**Task prompt**
Scan the listing below and copy each line holding the word "kann".

**Available data**
◆ ◆ ◆ ◆
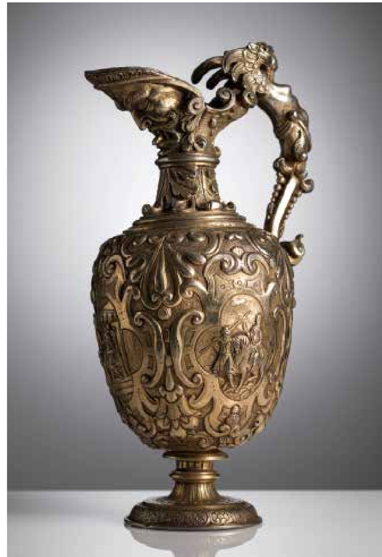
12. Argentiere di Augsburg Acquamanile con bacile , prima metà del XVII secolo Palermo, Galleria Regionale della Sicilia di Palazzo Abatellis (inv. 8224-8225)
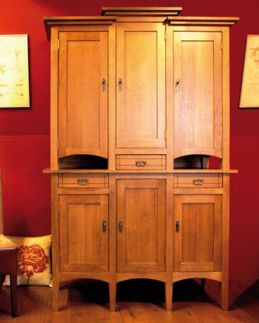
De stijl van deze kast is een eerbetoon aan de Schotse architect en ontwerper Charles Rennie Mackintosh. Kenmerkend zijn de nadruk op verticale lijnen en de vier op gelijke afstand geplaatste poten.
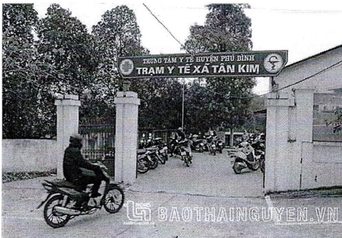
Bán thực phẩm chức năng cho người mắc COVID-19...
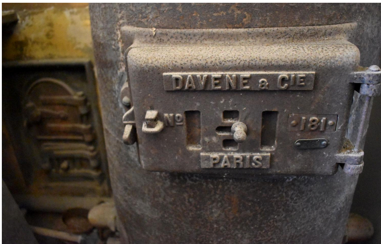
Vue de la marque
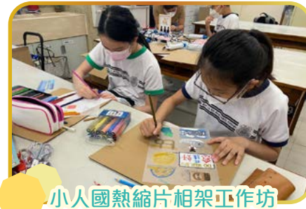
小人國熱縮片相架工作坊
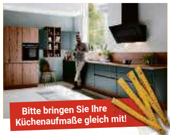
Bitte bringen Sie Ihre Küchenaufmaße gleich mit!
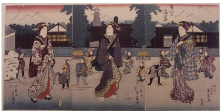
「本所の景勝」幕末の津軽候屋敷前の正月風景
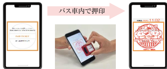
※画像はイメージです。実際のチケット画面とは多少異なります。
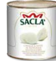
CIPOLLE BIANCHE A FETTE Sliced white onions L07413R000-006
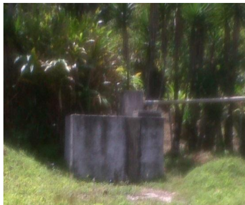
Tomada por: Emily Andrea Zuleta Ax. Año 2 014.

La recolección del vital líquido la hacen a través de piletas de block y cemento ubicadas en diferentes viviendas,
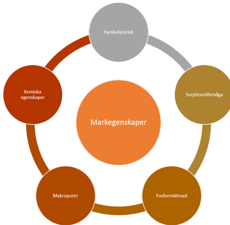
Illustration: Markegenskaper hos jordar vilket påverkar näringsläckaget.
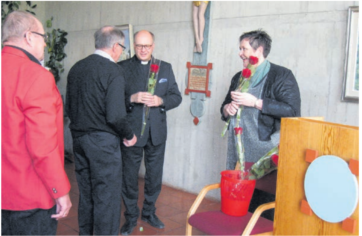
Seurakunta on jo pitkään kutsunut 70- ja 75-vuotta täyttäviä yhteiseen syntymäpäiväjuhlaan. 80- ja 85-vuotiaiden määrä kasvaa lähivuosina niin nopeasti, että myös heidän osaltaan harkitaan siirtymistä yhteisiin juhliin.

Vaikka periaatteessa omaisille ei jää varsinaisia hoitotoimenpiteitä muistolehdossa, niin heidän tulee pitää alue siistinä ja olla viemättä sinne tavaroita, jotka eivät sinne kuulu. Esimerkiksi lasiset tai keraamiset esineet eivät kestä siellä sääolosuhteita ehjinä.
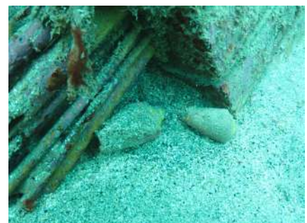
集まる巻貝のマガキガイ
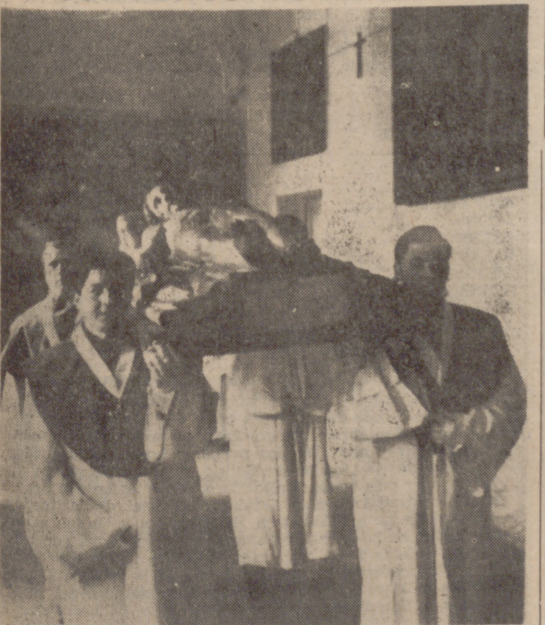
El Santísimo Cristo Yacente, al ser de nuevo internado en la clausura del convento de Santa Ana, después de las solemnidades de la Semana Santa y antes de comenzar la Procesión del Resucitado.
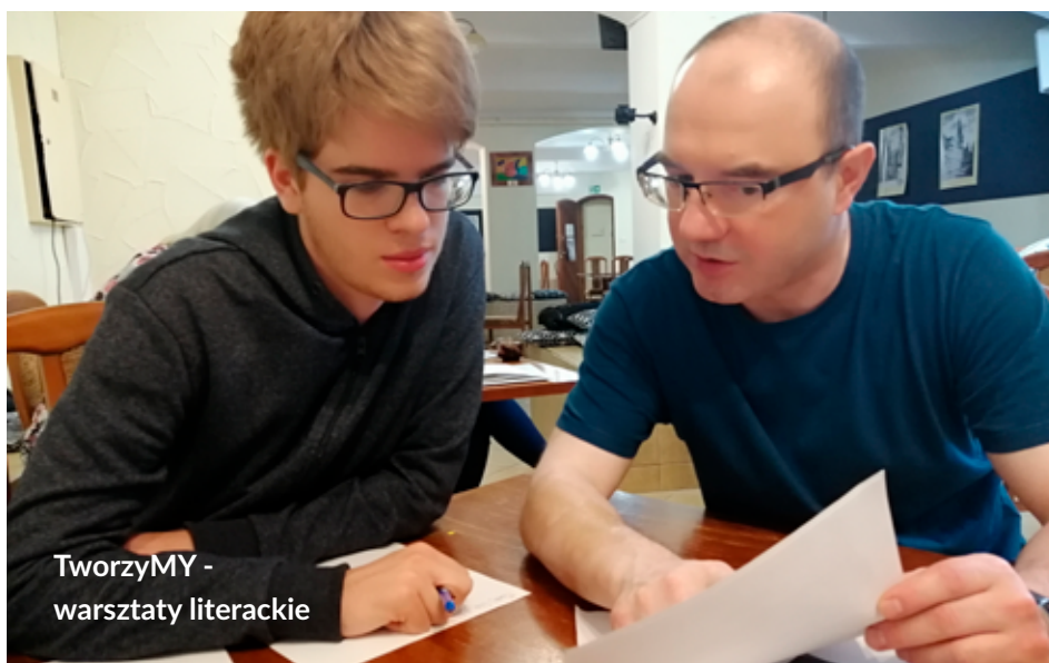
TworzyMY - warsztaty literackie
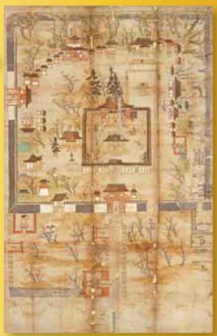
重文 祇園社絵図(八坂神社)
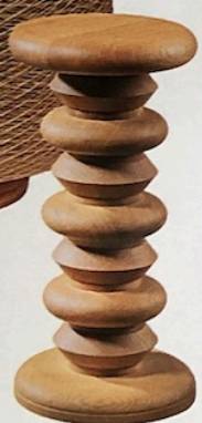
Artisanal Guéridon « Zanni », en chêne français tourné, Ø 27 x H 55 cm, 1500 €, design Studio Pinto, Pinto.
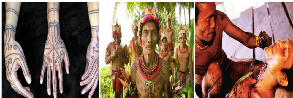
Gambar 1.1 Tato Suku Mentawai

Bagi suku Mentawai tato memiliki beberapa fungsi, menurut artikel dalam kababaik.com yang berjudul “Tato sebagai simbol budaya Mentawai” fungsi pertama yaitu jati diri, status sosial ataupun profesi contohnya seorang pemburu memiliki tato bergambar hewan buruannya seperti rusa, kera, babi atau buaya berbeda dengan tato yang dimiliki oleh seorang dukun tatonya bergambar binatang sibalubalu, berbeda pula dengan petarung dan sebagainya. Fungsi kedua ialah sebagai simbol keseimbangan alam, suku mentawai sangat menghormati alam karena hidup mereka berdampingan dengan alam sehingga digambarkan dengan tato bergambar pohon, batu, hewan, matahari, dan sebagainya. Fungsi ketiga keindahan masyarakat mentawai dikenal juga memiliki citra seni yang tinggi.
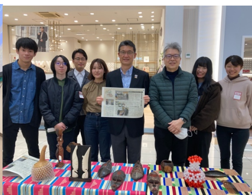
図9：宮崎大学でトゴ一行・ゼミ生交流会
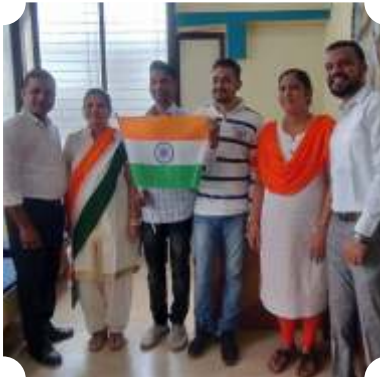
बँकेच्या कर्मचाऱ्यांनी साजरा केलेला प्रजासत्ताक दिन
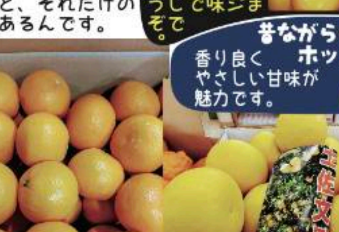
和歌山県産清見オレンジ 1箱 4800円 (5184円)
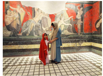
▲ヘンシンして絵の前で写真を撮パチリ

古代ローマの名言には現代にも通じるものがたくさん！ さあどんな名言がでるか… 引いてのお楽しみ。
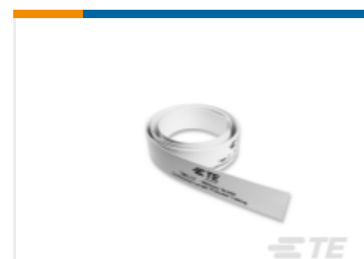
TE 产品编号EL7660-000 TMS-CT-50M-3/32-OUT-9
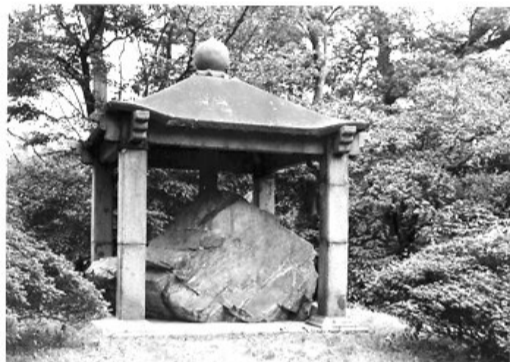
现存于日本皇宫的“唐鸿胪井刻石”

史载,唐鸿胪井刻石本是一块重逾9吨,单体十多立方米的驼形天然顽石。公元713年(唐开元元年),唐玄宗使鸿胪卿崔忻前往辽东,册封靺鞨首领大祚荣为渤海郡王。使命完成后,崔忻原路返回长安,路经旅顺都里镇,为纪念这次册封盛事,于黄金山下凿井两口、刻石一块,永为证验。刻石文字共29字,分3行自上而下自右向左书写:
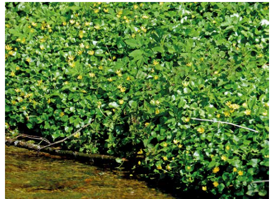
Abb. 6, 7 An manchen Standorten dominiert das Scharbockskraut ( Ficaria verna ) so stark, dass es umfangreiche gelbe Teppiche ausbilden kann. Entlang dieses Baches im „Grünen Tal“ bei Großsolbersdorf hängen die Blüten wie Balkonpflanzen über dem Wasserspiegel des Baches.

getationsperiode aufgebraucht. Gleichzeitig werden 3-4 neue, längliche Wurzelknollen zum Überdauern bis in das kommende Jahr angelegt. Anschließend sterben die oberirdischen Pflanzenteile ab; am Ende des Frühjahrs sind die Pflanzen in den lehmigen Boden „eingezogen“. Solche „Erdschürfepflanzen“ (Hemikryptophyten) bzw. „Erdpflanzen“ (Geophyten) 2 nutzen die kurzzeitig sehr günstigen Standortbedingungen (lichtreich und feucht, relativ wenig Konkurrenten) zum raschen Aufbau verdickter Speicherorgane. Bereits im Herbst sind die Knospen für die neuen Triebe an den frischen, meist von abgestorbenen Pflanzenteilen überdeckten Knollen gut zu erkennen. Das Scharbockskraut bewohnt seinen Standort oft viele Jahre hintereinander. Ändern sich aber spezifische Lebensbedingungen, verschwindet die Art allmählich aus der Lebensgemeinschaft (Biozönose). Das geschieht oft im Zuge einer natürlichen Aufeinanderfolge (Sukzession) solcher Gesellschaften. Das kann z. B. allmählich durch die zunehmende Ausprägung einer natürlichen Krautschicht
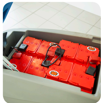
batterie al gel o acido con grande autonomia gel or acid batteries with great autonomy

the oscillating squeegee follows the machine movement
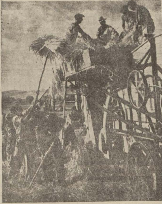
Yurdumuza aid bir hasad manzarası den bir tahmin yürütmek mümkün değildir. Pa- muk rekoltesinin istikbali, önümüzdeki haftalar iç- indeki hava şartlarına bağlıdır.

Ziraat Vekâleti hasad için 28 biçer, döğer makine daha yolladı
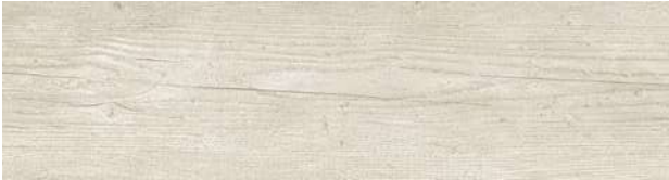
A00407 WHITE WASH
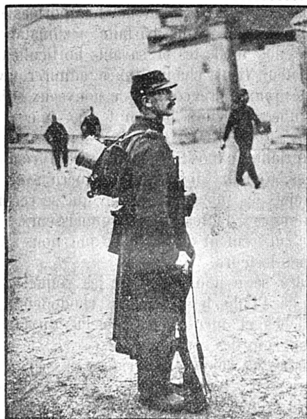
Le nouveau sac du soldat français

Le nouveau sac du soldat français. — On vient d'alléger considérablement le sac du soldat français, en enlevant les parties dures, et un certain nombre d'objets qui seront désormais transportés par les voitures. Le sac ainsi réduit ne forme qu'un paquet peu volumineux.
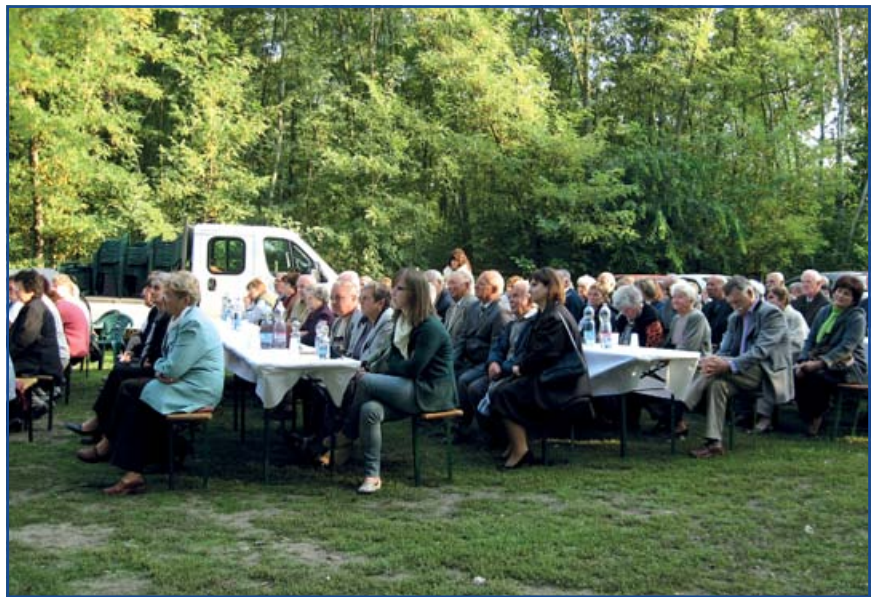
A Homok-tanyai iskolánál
◆ ◆ ◆ ◆
**Exercise output**
Abb. 6, 7 An manchen Standorten dominiert das Scharbockskraut ( Ficaria verna ) so stark, dass es umfangreiche gelbe Teppiche ausbilden kann. Entlang dieses Baches im „Grünen Tal“ bei Großsolbersdorf hängen die Blüten wie Balkonpflanzen über dem Wasserspiegel des Baches.
getationsperiode aufgebraucht. Gleichzeitig werden 3-4 neue, längliche Wurzelknollen zum Überdauern bis in das kommende Jahr angelegt. Anschließend sterben die oberirdischen Pflanzenteile ab; am Ende des Frühjahrs sind die Pflanzen in den lehmigen Boden „eingezogen“. Solche „Erdschürfepflanzen“ (Hemikryptophyten) bzw. „Erdpflanzen“ (Geophyten) 2 nutzen die kurzzeitig sehr günstigen Standortbedingungen (lichtreich und feucht, relativ wenig Konkurrenten) zum raschen Aufbau verdickter Speicherorgane. Bereits im Herbst sind die Knospen für die neuen Triebe an den frischen, meist von abgestorbenen Pflanzenteilen überdeckten Knollen gut zu erkennen. Das Scharbockskraut bewohnt seinen Standort oft viele Jahre hintereinander. Ändern sich aber spezifische Lebensbedingungen, verschwindet die Art allmählich aus der Lebensgemeinschaft (Biozönose). Das geschieht oft im Zuge einer natürlichen Aufeinanderfolge (Sukzession) solcher Gesellschaften. Das kann z. B. allmählich durch die zunehmende Ausprägung einer natürlichen Krautschicht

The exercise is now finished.